» Records supplied:

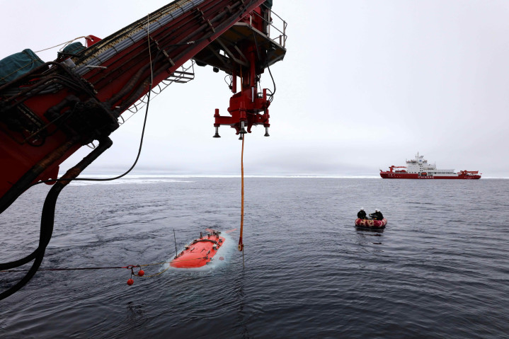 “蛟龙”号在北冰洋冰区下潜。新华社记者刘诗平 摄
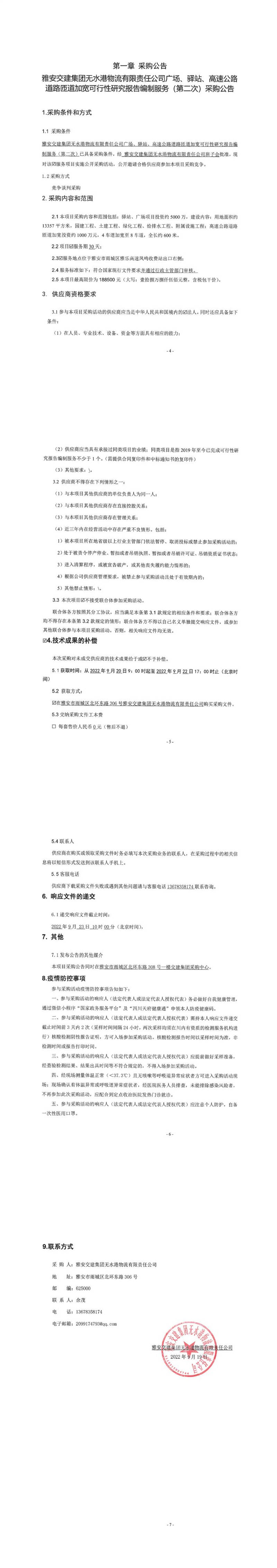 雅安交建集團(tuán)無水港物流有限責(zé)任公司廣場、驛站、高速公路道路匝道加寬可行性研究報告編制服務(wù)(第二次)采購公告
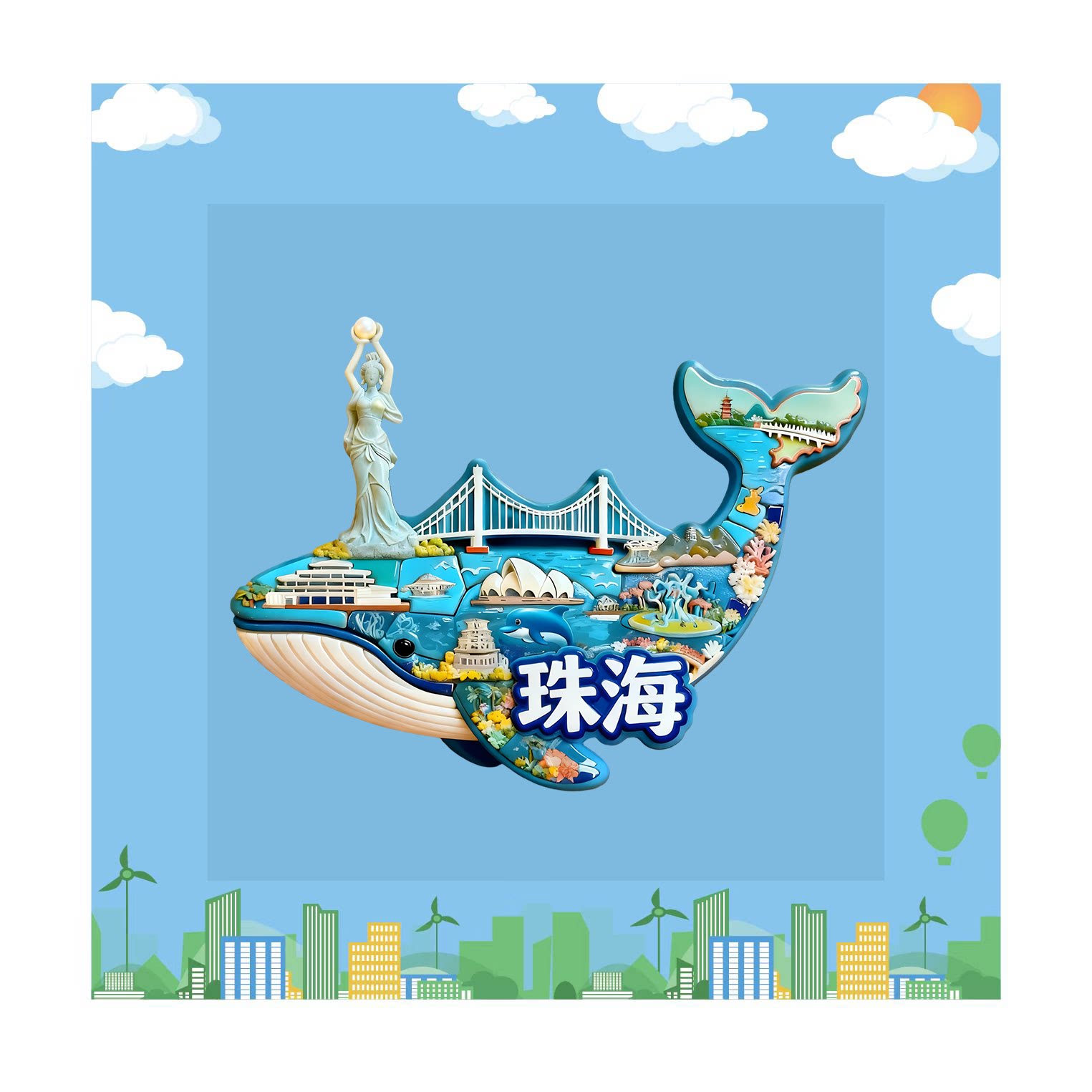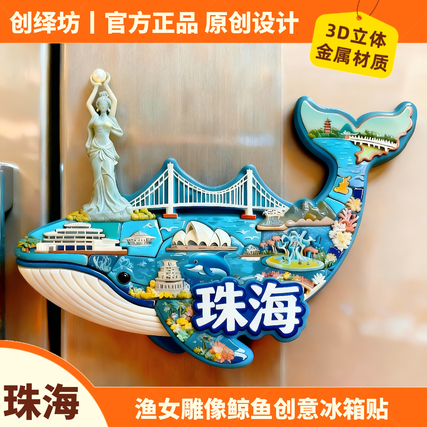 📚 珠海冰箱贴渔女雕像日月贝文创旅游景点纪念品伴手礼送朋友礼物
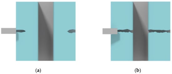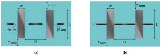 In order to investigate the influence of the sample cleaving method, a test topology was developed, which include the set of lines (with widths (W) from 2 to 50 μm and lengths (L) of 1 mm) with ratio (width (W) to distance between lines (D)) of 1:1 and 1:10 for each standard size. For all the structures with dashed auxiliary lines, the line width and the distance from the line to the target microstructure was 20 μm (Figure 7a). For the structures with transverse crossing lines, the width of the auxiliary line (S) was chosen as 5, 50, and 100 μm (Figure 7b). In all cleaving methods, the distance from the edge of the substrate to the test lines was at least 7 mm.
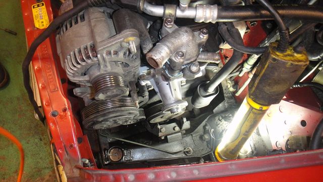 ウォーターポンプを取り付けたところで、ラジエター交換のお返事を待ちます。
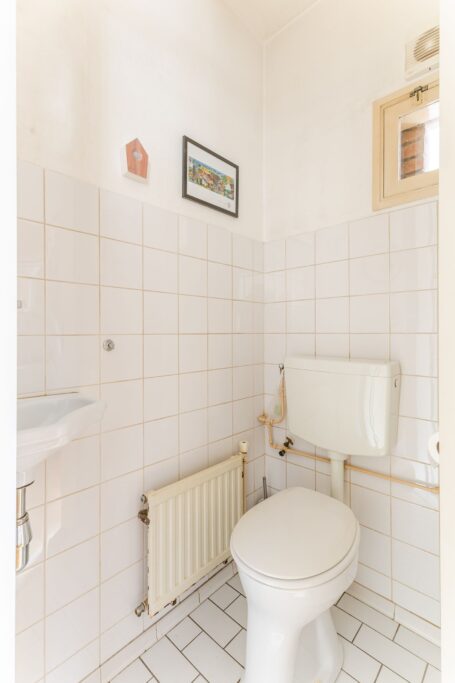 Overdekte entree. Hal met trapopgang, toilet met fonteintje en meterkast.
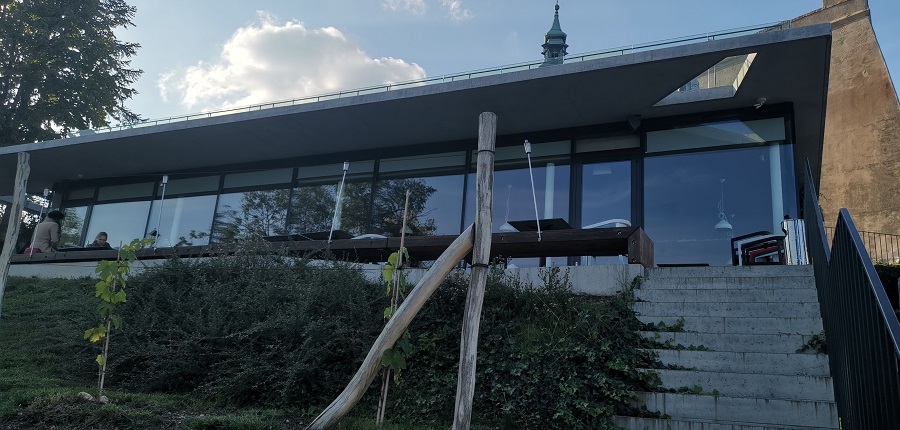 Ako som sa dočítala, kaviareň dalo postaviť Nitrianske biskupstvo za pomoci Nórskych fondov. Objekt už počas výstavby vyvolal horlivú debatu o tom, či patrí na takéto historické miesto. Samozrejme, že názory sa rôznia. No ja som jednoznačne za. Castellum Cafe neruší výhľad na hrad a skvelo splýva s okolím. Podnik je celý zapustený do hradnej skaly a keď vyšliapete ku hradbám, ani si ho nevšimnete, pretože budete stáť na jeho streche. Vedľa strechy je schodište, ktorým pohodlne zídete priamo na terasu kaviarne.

» Work instructions: Above, find the line holding "ウォーターポンプを取り付けたところで、ラジエター交換のお返事を待ちます。" and the line holding "Overdekte entree. Hal". Print exactly those two lines and every line between them, but no pictures.

» Answer to this exercise:
 ウォーターポンプを取り付けたところで、ラジエター交換のお返事を待ちます。
 Overdekte entree. Hal met trapopgang, toilet met fonteintje en meterkast.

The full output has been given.